Problem description: Return exactly the lines below, starting with the one that has "FRESHMEN MADE A GREAT SHOWING!" and going on through the one that has "Fig. 3. A cow".

------ Raw data ------

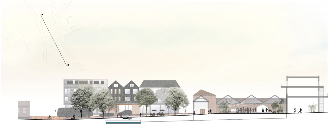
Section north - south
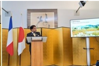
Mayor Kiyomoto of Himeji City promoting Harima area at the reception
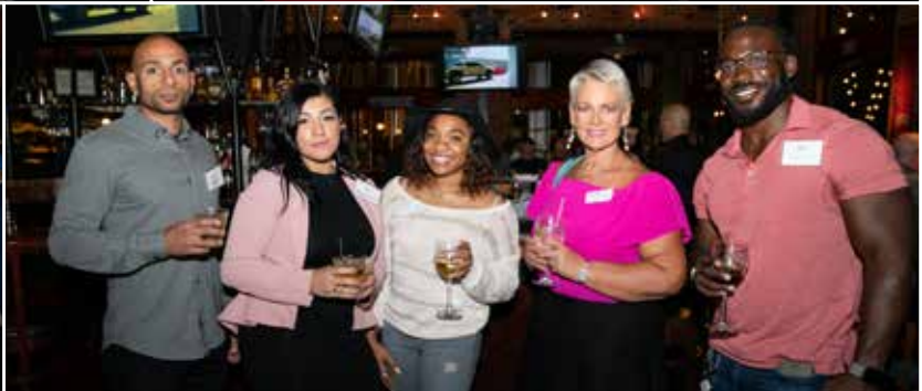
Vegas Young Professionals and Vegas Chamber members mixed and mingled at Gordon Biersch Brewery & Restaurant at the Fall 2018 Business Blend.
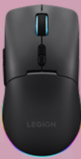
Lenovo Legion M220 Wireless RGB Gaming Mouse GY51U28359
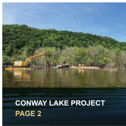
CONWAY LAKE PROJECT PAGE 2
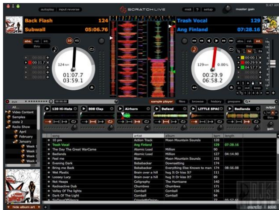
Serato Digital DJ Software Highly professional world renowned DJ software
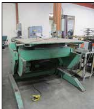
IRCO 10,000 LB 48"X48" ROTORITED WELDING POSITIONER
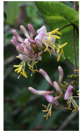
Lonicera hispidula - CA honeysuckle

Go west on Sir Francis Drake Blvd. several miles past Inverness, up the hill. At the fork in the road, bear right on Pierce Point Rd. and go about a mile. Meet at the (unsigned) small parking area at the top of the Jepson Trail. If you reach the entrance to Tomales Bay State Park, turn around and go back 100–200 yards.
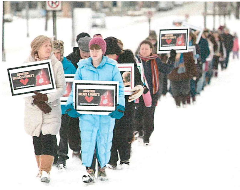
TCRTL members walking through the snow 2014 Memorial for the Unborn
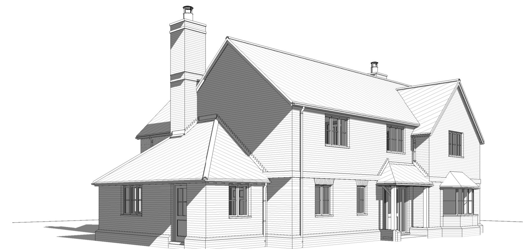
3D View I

------
------ Raw data ------

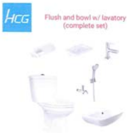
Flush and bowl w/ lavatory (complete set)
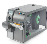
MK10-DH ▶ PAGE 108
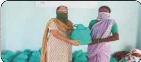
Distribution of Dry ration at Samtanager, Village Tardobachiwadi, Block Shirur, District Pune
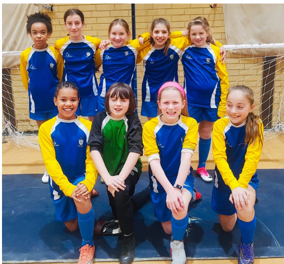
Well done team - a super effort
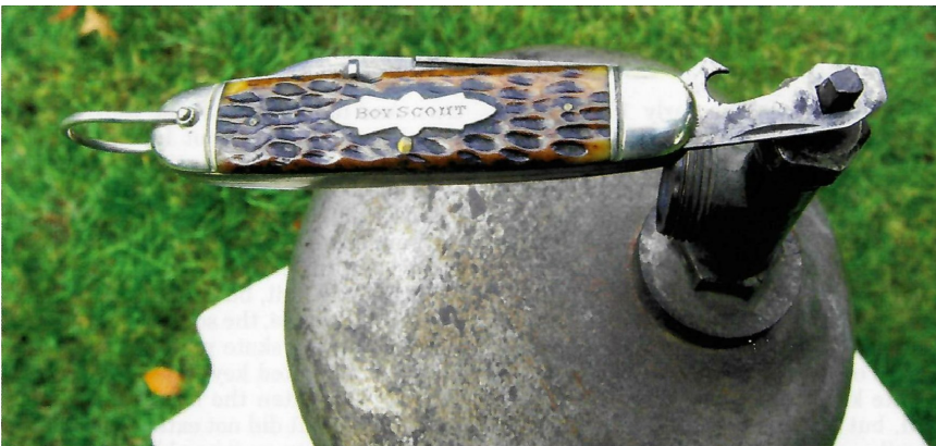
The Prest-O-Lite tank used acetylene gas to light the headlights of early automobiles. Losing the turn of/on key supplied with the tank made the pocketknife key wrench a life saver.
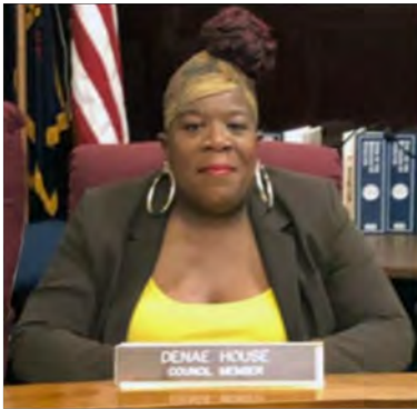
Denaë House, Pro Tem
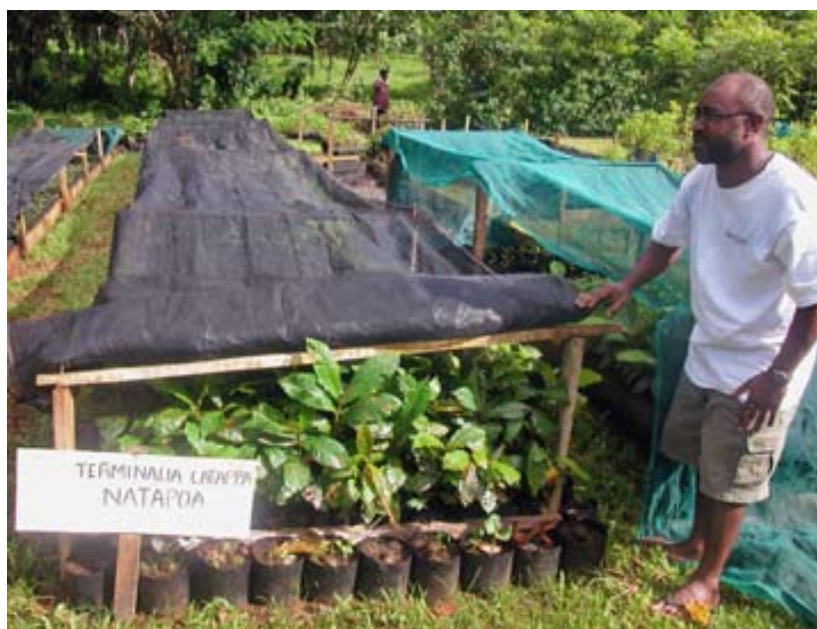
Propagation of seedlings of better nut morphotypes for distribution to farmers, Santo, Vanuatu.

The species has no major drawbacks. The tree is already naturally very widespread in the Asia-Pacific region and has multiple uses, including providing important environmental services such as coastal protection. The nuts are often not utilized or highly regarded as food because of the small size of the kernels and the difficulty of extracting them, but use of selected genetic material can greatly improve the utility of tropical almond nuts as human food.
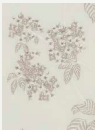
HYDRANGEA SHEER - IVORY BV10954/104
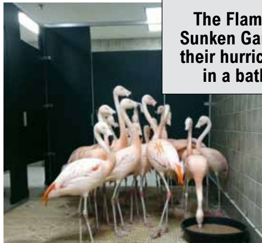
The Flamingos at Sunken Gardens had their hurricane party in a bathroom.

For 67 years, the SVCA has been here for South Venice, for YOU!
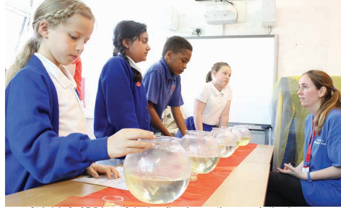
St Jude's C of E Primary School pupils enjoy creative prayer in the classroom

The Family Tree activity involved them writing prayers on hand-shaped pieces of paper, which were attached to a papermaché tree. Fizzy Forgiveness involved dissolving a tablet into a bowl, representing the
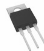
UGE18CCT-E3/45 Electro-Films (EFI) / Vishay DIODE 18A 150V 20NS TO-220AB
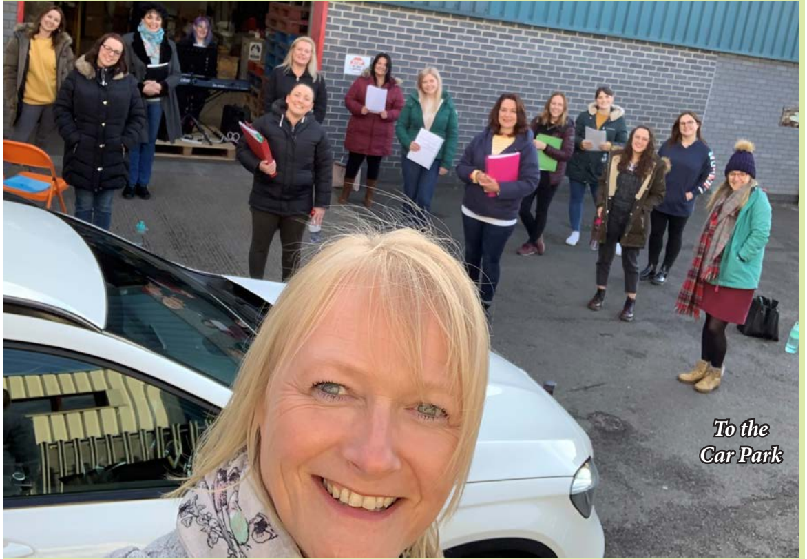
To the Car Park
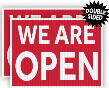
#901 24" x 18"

------
------ Raw data ------

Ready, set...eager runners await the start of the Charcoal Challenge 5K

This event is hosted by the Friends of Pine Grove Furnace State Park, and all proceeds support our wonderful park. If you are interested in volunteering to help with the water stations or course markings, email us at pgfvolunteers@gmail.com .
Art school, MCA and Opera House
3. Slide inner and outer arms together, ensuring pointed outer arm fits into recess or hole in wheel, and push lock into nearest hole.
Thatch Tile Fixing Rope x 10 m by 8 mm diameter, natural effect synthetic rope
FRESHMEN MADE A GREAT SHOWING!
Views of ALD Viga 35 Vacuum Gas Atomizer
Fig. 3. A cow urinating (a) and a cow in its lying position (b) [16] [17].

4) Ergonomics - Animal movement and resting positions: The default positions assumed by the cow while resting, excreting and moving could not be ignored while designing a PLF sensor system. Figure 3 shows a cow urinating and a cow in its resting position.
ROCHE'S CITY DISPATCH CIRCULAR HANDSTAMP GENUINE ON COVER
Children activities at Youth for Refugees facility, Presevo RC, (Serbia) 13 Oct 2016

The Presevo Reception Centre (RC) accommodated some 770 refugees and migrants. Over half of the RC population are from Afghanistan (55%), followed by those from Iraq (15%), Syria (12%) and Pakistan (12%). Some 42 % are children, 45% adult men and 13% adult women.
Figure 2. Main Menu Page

------

Task response:
FRESHMEN MADE A GREAT SHOWING!
Views of ALD Viga 35 Vacuum Gas Atomizer
Fig. 3. A cow urinating (a) and a cow in its lying position (b) [16] [17].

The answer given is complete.